Exercise 2: Image Compression 📸

Use PCA to compress grayscale images:
import numpy as np

# Simulate a 64x64 grayscale image (like a face)
np.random.seed(42)
image = np.random.rand(64, 64)

# Add some structure (face-like features)
image[20:25, 20:25] = 0.9  # Left eye
image[20:25, 40:45] = 0.9  # Right eye
image[35:40, 25:40] = 0.9  # Mouth
image[15:50, 28:37] = 0.7  # Nose

# TODO:
# 1. Reshape image for PCA (each row is a feature)
# 2. Compress to k components
# 3. Reconstruct and measure error
# 4. Find minimum k for "acceptable" quality (MSE < 0.01)
import numpy as np

np.random.seed(42)
image = np.random.rand(64, 64)
image[20:25, 20:25] = 0.9
image[20:25, 40:45] = 0.9
image[35:40, 25:40] = 0.9
image[15:50, 28:37] = 0.7

print("🖼️ Image Compression with PCA")
print("=" * 50)
print(f"Original image: {image.shape} = {64*64} pixels")

# PCA on rows (each row is a sample, each column is a feature)
from sklearn.decomposition import PCA

def compress_image(img, n_components):
    pca = PCA(n_components=n_components)
    compressed = pca.fit_transform(img)
    reconstructed = pca.inverse_transform(compressed)
    mse = np.mean((img - reconstructed) ** 2)
    return reconstructed, mse, pca.explained_variance_ratio_.sum()

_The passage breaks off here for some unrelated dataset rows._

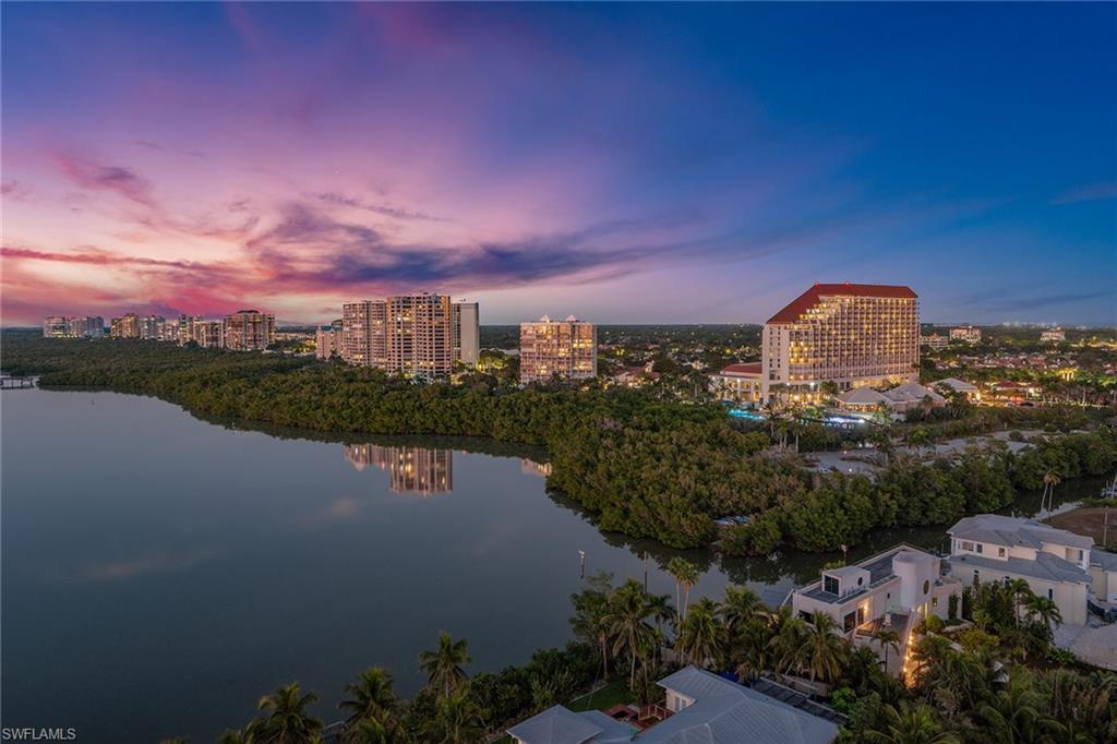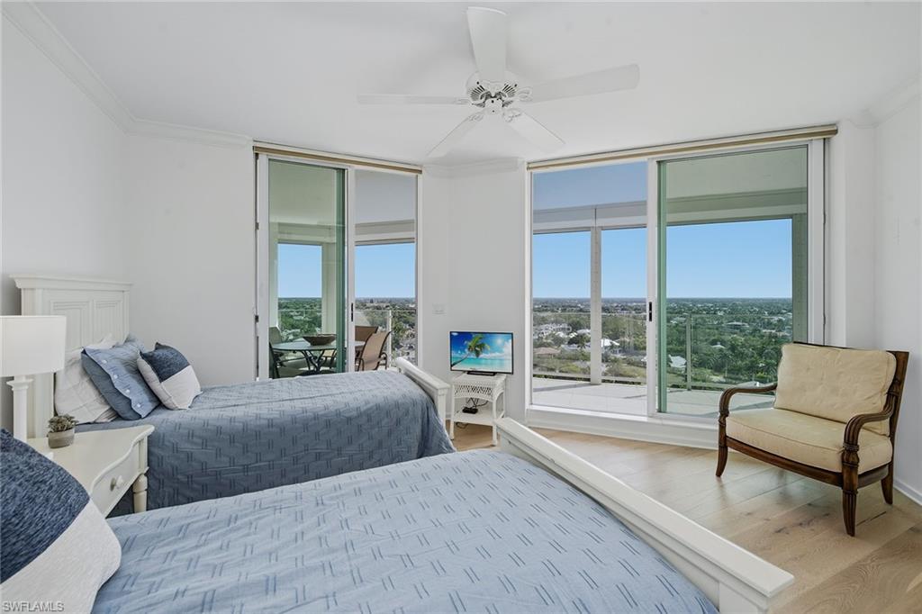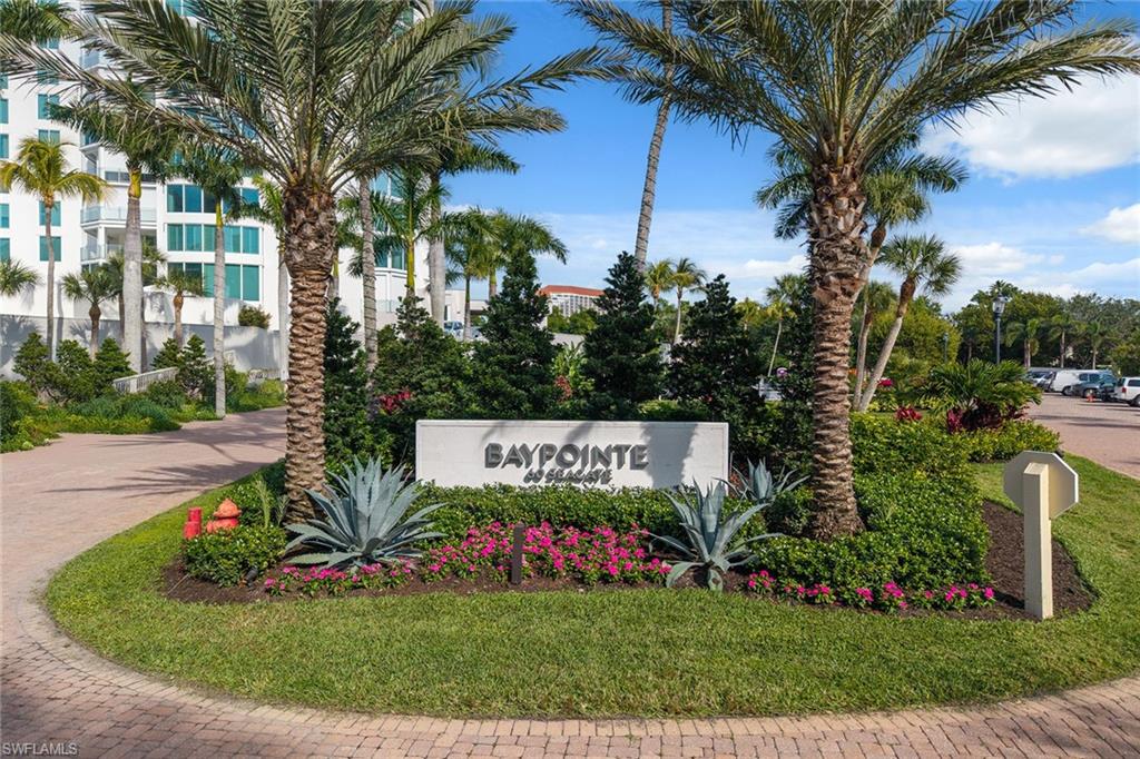 Experience breathtaking panoramic west-facing Gulf and Bay views, along with beautiful skyline vistas, from this stunning 16th-floor residence in the exclusive Baypointe at highly-regarded Naples Cay. Showcasing impressive views from every room and two expansive balconies, one facing the Gulf and Clam Bay, the other offering sweeping Venetian Bay and sparkling nighttime city views, this rarely available three-bedroom, three-full bath home delivers an unmatched luxury coastal resort lifestyle. A welcoming foyer with travertine flooring set on the diagonal and crown molding leads into the spacious living and dining area, where travertine continues, and floor-to-ceiling views frame the Gulf and Bay. A ceiling fan and large sliders that open directly to the west-facing balcony enhance the great roomu2019s inviting ambiance. The kitchen is beautifully appointed with granite countertops, a full granite backsplash, under-cabinet lighting, an island, bamboo flooring, and a tray ceiling. Premium appliances include a built-in refrigerator, dishwasher, 36-inch electric cooktop, built-in microwave, and wall oven with convection. An adjacent custom-built-in dry bar features wine storage, glass display cabinets, and a granite countertop, complemented by a built-in desk for added convenience. An under-counter wine refrigerator and direct access to the lanai further enhance the kitchenu2019s functionality and flow. The primary suite is a tranquil retreat with plank wood flooring, crown molding, a ceiling fan, and direct access to spectacular water views. The en-suite bathroom features a granite vanity with a makeup counter and a full-width mirror, a jetted Jacuzzi bathtub, a walk-in shower tiled from floor to ceiling, and a spacious walk-in closet with built-ins. Both guest bedrooms offer plank wood flooring, crown molding, ceiling fans, and balcony access, one with an en-suite bath featuring a floor-to-ceiling tiled tub-shower combo with glass enclosure, the other is adjacent to a beautifully appointed bathroom with a walk-in shower and glass enclosure, also accessible from the hallway. The laundry room offers bamboo flooring, built-in cabinetry, a utility sink, a top-load washer, and a front-load dryer. Additional features include electric aluminum roll-down shutters covering both balconies for storm protection, along with a covered garage parking space beneath the building and access to two community EV chargers. Perfectly positioned between Park Shore and Pelican Bay, Naples Cay offers private beach access, kayaks, and canoes available to residents from a private dock, moments from dining, shopping, and cultural attractions of Venetian Village, Waterside Shops, and Artisu2014Naples. Enjoy a library, social room, fitness room, tennis courts, and a pool and terrace undergoing a full renovation, with completion expected in mid-February 2026, promising an elevated coastal resort experience within this private, guard-gated beachfront community.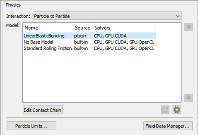 To use the Linear Elastic Bonding Model, you must first add it to the Physics of a given EDEM simulation and then configure as required.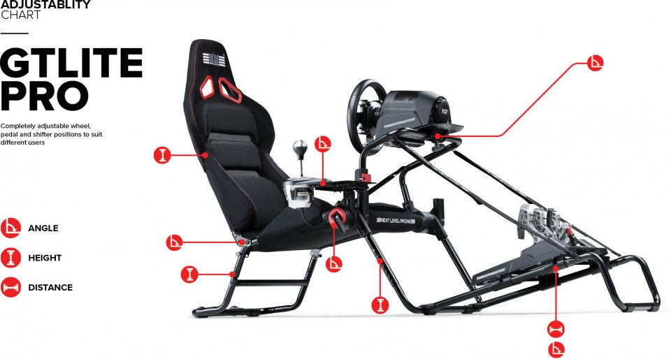 GT Lite Pro soveltuu kaikille rattipolkimille ja sisältää esiporatut reiät mm. Logitech sekä Thrustmaster rateille. Vaihdekepin alustan voi asentaa sekä vasemmalle että oikealle puolelle. Ainutlaatuinen muotoilu mahdollistaa penkin taittamisen myös ratin ja polkimien ollessa asennettuna. Tämän ansiosta GT Lite Pro on myös kannettava ja käyttäjä voi viedä kilpa-asetukset huoneesta toiseen tarvittaessa. Kaksi pyörää helpottaa istuimen siirtämistä.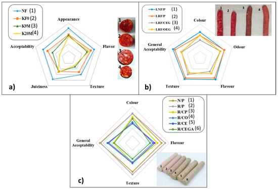 Example of sensory analysis results obtained in studies based on the improvement of the lipid content in meat products: (a) Dry fermented sausages (adapted from Jiménez-Colmenero et al. [59]; (b) fresh sausages (adapted from Pintado et al. [58]; (c) cooked sausages, frankfurter type (adapted from Pintado et al. [54]).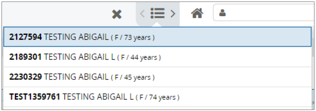 While viewing a particular patient's information, users can easily toggle to other patients that met their initial demographic search criteria in the event that a selected record does not correspond to the patient of interest.
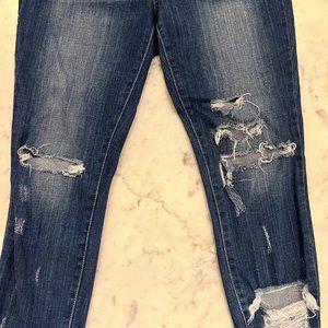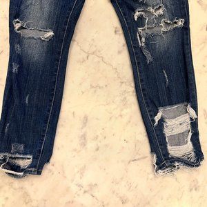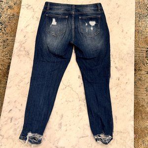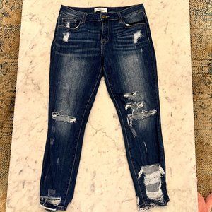 Carly Jean Los Angeles Dark Rinse Distressed Cropped Jeans Size 7 or 29

print("\n📊 Compression Results:")
print("-" * 45)
print(f"{'Components':<12} {'MSE':<12} {'Variance %':<12} {'Compression':<12}")
print("-" * 45)

for k in [5, 10, 20, 30, 40, 50]:
    recon, mse, var = compress_image(image, k)
    compression = 64*64 / (k*64 + k)  # Approximate storage
    quality = "✓" if mse < 0.01 else ""
    print(f"{k:<12} {mse:<12.4f} {var*100:<12.1f} {compression:<12.1f}x {quality}")

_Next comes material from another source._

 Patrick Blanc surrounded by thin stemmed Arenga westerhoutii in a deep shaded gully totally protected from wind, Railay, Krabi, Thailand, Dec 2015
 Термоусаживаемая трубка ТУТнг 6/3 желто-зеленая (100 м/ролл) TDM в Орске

# Find minimum acceptable k
print("\n🔍 Finding minimum components for MSE < 0.01:")
for k in range(1, 65):
    _, mse, var = compress_image(image, k)
    if mse < 0.01:
        print(f"   Minimum k = {k} (MSE: {mse:.4f}, Variance: {var*100:.1f}%)")
        break

# Visual representation of compression
print("\n📈 Compression Quality by Components:")
for k in [5, 15, 30, 50]:
    _, mse, var = compress_image(image, k)
    bar_len = int((1 - mse) * 30)
    bar = "█" * bar_len + "░" * (30 - bar_len)
    print(f"  k={k:2d}: {bar} {(1-mse)*100:.1f}% quality")
Real-World Insight: JPEG compression uses a related technique (DCT). Netflix uses PCA-like methods to compress video frames, saving billions in bandwidth costs!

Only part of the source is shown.